• _SUPPLIED MATERIAL_:
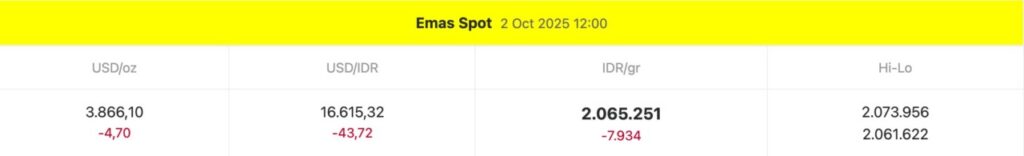 Gold prices in the global spot market showed a significant positive trend, becoming one of the main drivers of the increase in Antam gold prices in the domestic market. Based on the global commodity price report, spot gold was recorded at a level of around $3,864.20 per troy ounce on Thursday, October 2, 2025. This increase in world gold prices, according to commodity market analysis, is generally influenced by the increasing demand for safe haven assets amid global geopolitical uncertainty.
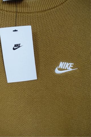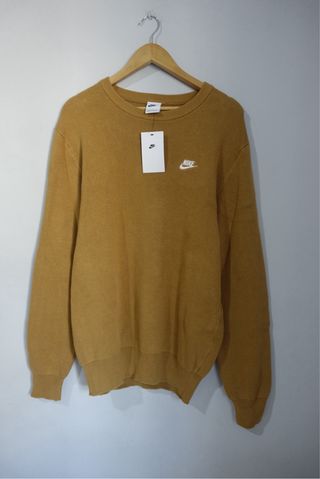 Jersey de punto de la marca Nike, en color amarillo mostaza. Viene con su etiqueta original. - Diseño de cuello redondo. - Logo de Nike bordado en el pecho.
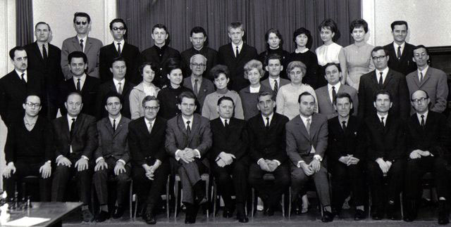 Участники матча РСФСР – Венгрия, Будапешт 1967 г. В первом ряду крайний слева Анатолий Лейн, 3 – Лев Полугаевский, 5 – Борис Спасский, 7 – Игорь Бондаревский, далее Лайош Портиш и Рашид Нежметдинов, крайний справа Владимир Антошин. Во втором ряду 4-я слева Римма Билунова, 7 – Валентина Козловская. В третьем ряду 4-й слева – Евгений Свешников. |
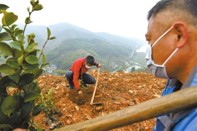 塘湖鎮(zhèn)閣壁村鳳形山上,在新開墾的油茶基地里,幾十位工人戴著口罩正忙著打窩、放苗、培土。
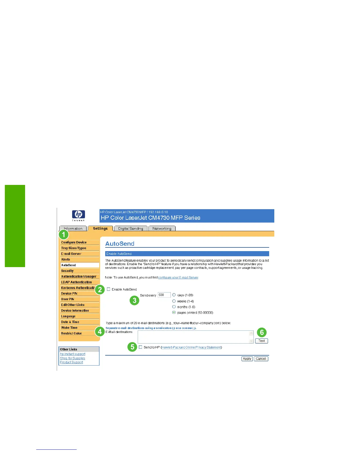 Use the AutoSend screen to send product-configuration and supplies-usage information periodically to
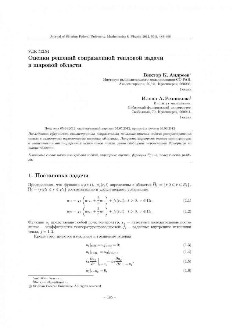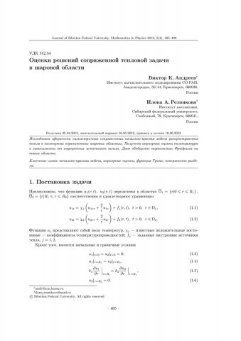 Библиографическое описание:Андреев, Виктор. Оценки решений сопряженной тепловой задачи в шаровой области = The Estimates of Solutions of Adjoint Heat Problem in Spherical Area / В. К. Андреев, И. А. Резникова. - Текст : непосредственный // Журнал Сибирского федерального университета. Математика и физика. - 2012. - Т. 5, № 4. - С. 485-496. - Библиогр.: с. 496. - ISSN 1997-1397.
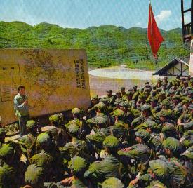 解放军某部指战员在当年红军二渡赤水的渡口—太平渡口,听当年参加四渡赤水河的红军老战士王绍琏讲述四渡赤水河的情景。(1975年)
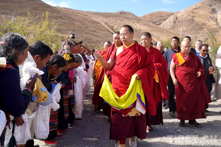 在忙碌有序的11天里,班禪陸續(xù)前往位于桑珠孜區(qū)的色多堅寺、桑旦日追寺、納塘寺,拉孜縣查卡慶寺、增寺、西嘎興龍寺,昂仁縣呂龍寺以及定結縣薩爾曲果德慶林寺等11座寺院,講經、禮佛、參訪、慰問僧尼、看望信教群眾,行程覆蓋海拔2840米到4800多米的高原農牧區(qū),路程達上千公里。
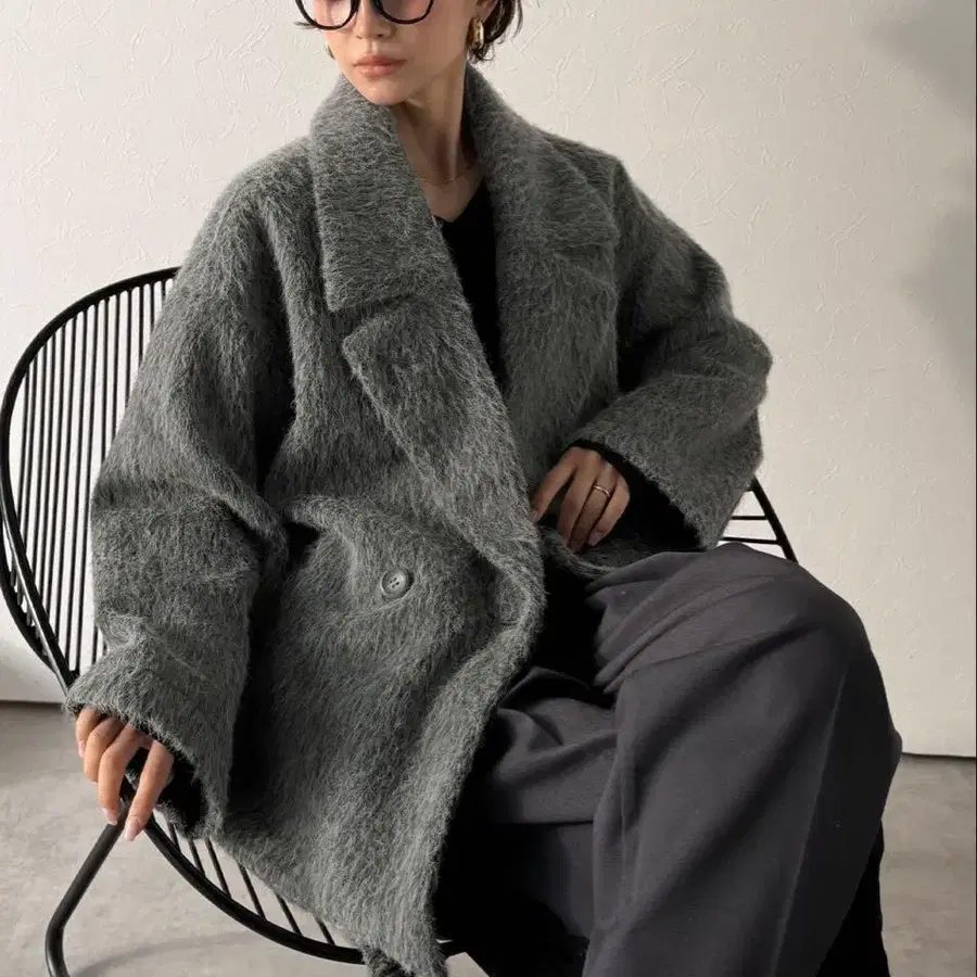 classicalelf 2way 샤기 더블 빅 칼라 자켓 코트
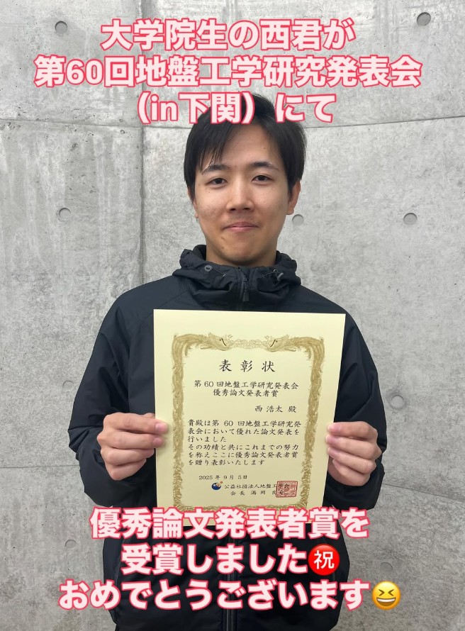 第60回地盤工学研究発表会において、大学院生の西浩太君が優秀論文発表者賞を受賞しました
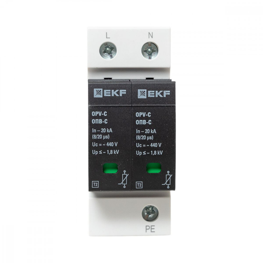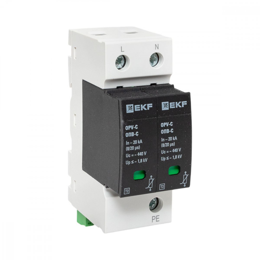 Ограничитель импульсных напряжений ОПВ-C/2P In 20кА 385В с сигн. PROxima opv-c2, Ограничитель имп перенапряжения
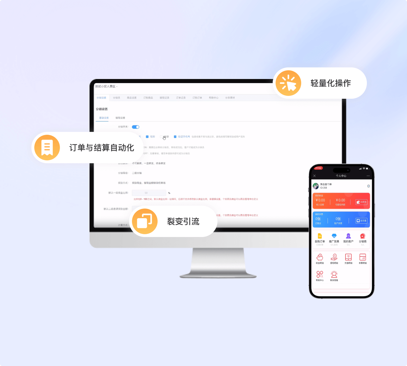 • 拓宽流量入口,实现精准引流 - 推广海报、裂变链接、推广获客
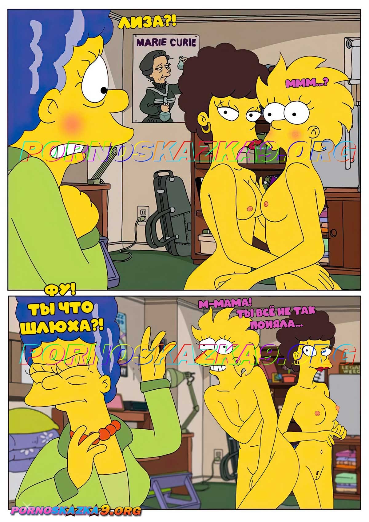 Порно комикс Симпсоны. История Лизы. Мардж, случайно увидела, чем занимается Лиза и Сильвия. От неожиданности она даже растерялась, но тут ей не дала опомниться Сильвия, которая сразу разрядила обстановку…
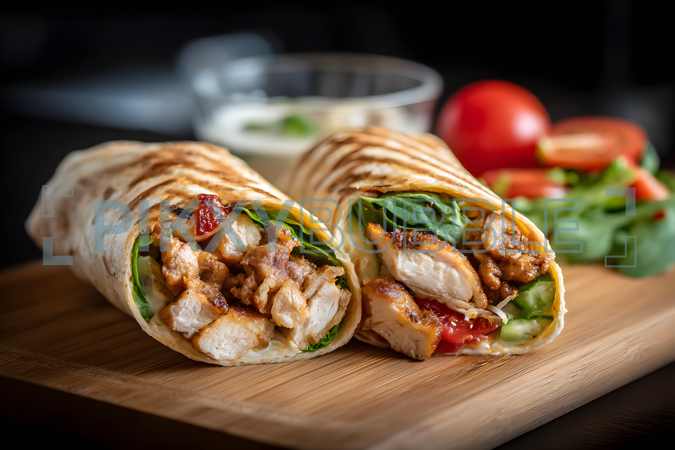 Dégustez notre délicieux wrap! Un mélange parfait d'ingrédients frais.
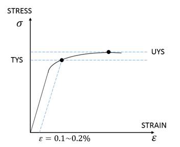 Many steels, especially heat-treated materials, do not have a well-defined elastic limit. In this case, the yield strength is usually defined at the point where the plastic strain is about 0.1% to 0.2%
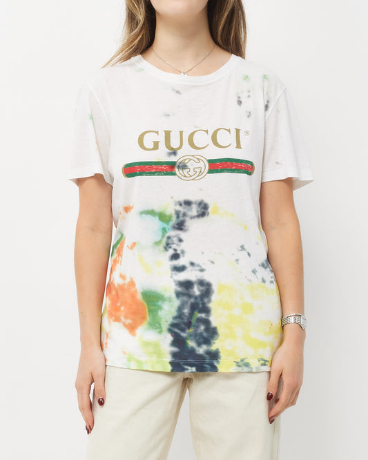 Playful and expressive, this pre-owned authentic Gucci Men’s T-Shirt is crafted from soft white cotton with a subtle tie-dye wash and features the iconic Gucci logo printed boldly across the front. The lightweight construction and classic crewneck silhouette offer effortless comfort and everyday ease.
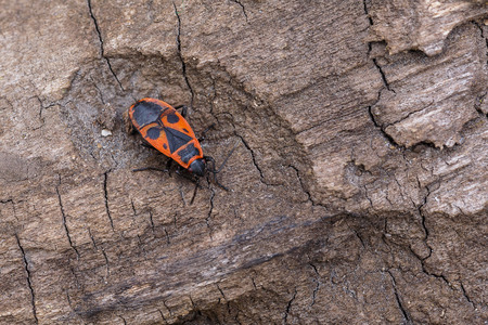 Insect (firebug, Pyrrhocoris apterus) on lime bark.
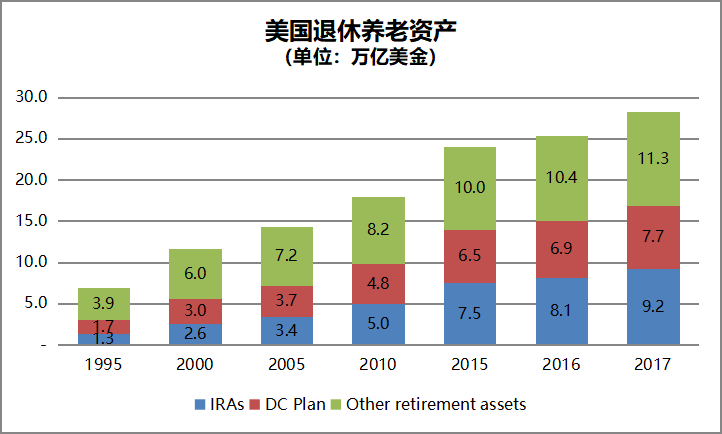 我們從美國的退休養(yǎng)老數(shù)據(jù)來看,截至2017年底,我國現(xiàn)在積極發(fā)展的商業(yè)養(yǎng)老產(chǎn)品就類似美國的個(gè)人退休養(yǎng)老賬戶(IndividualRetirement Account,IRA),其規(guī)模超過9.2萬億美金,占退休養(yǎng)老資產(chǎn)的32.62%。
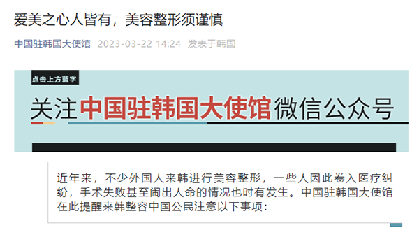 한국주재 중국대사관, 한국행 ‘미용성형 관광객’에 주의 당부
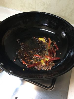 锅中放油烧热放葱姜蒜,花椒,辣椒炒香。
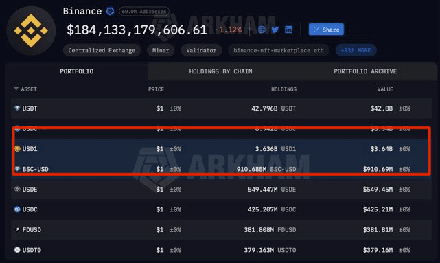 .Poziția în timp real pe Binance: conform datelor Arkham, cantitatea totală de USD1 deținută în prezent de Binance este de aproximativ 36.36 miliarde de dolari.
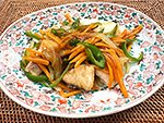 2026/04/24 サワラのあま酢あんかけ 04/24 サワラのあま酢あんかけ ★材料 1~2人分 さわら80~100g 片栗粉適量 サラダ油大さじ1と1/2 サラダ油小さじ1 人参(30秒加熱)50g 玉ねぎ70g ピーマン1と1/2個 だし汁100cc ~A~ 醤油大さじ1 砂糖大さじ1 米酢大さじ1 水溶き片栗粉適量 1.さわらは5~6等に切り片栗粉をつける。 2.フライパンにサラダ油を入れ皮を下にして中火で3分返して1分焼色を少しつけてあげ焼きにする。 3.フライパンにサラダ油を入れ中火で細切りの人参、玉ねぎ、ピーマンを炒め、だし汁、Aを入れ炒め煮して水溶き片栗粉で好みの固さにトロミをつける。 4.あんかけ2/3量を器においてその上にさわらをおき、残りのあんかけをかける。
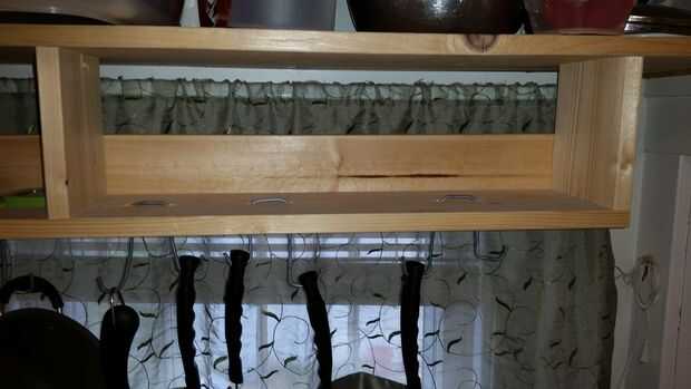 La rejilla de la olla fue construida en el estante inferior. Antes de instalar el tablero del estante perforé muchos agujeros en el tablero con una broca de 1/4 pulgada. Espaciar los agujeros par igual manera dos agujeros cerca unos de otros (aprox. 1.5") del grupo bajar de 4 a 6 pulgadas y poner otro par.
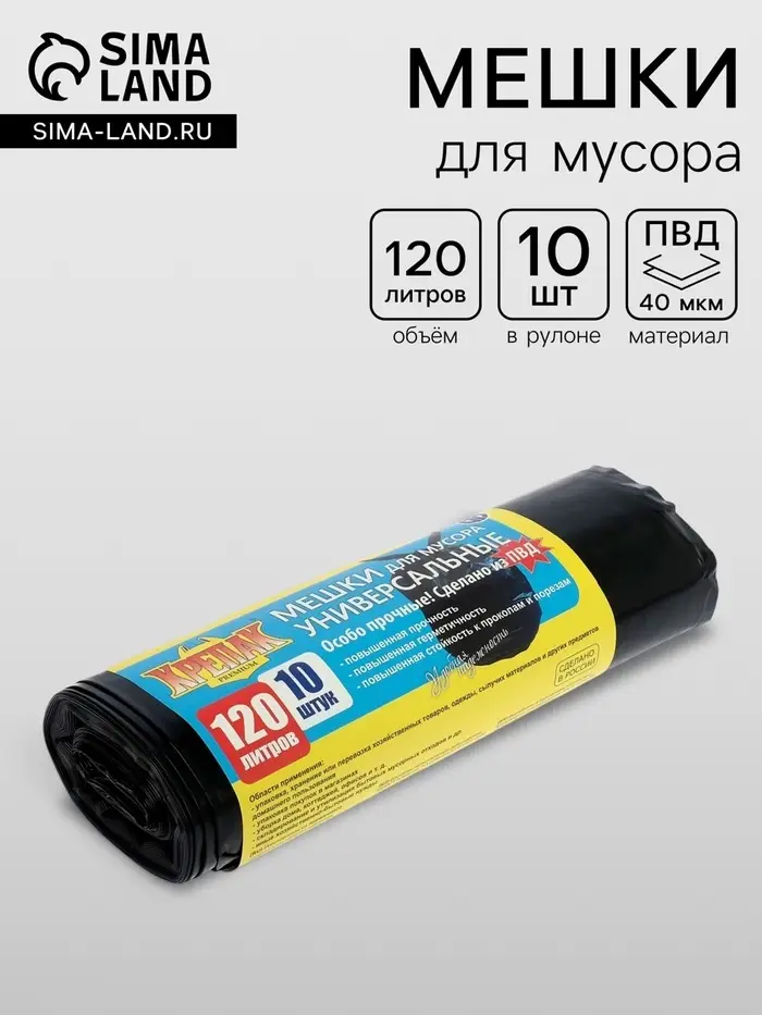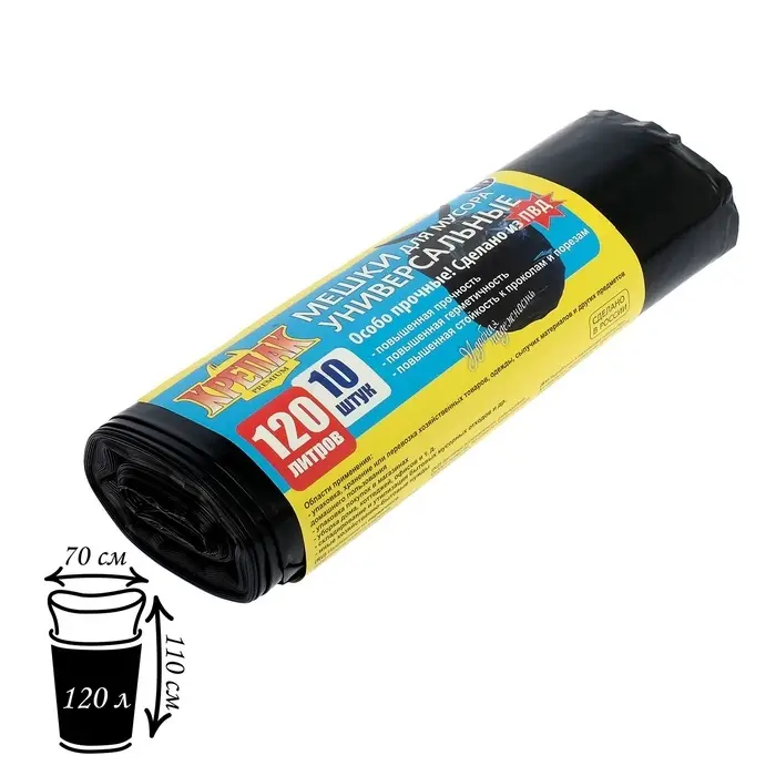 Мешки для мусора «КРЕПАК», 120 л, ПВД, 40 мкм, 70×110 см, 10 шт., чёрные
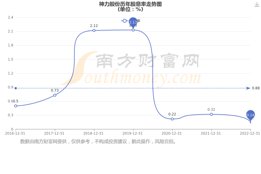 近年神力股份年度股息率走势如下图:

• _TASK ITEM_:
When you reach the line containing "Insect (firebug, Pyrrhocoris" in the entries above, begin restating word for word, and stop once the line containing "miliarde de dolari." has been given. Omit the pictures.

• _EXERCISE ANSWER_:
 Insect (firebug, Pyrrhocoris apterus) on lime bark.
 我們從美國的退休養(yǎng)老數(shù)據(jù)來看,截至2017年底,我國現(xiàn)在積極發(fā)展的商業(yè)養(yǎng)老產(chǎn)品就類似美國的個(gè)人退休養(yǎng)老賬戶(IndividualRetirement Account,IRA),其規(guī)模超過9.2萬億美金,占退休養(yǎng)老資產(chǎn)的32.62%。
 한국주재 중국대사관, 한국행 ‘미용성형 관광객’에 주의 당부
 锅中放油烧热放葱姜蒜,花椒,辣椒炒香。
 .Poziția în timp real pe Binance: conform datelor Arkham, cantitatea totală de USD1 deținută în prezent de Binance este de aproximativ 36.36 miliarde de dolari.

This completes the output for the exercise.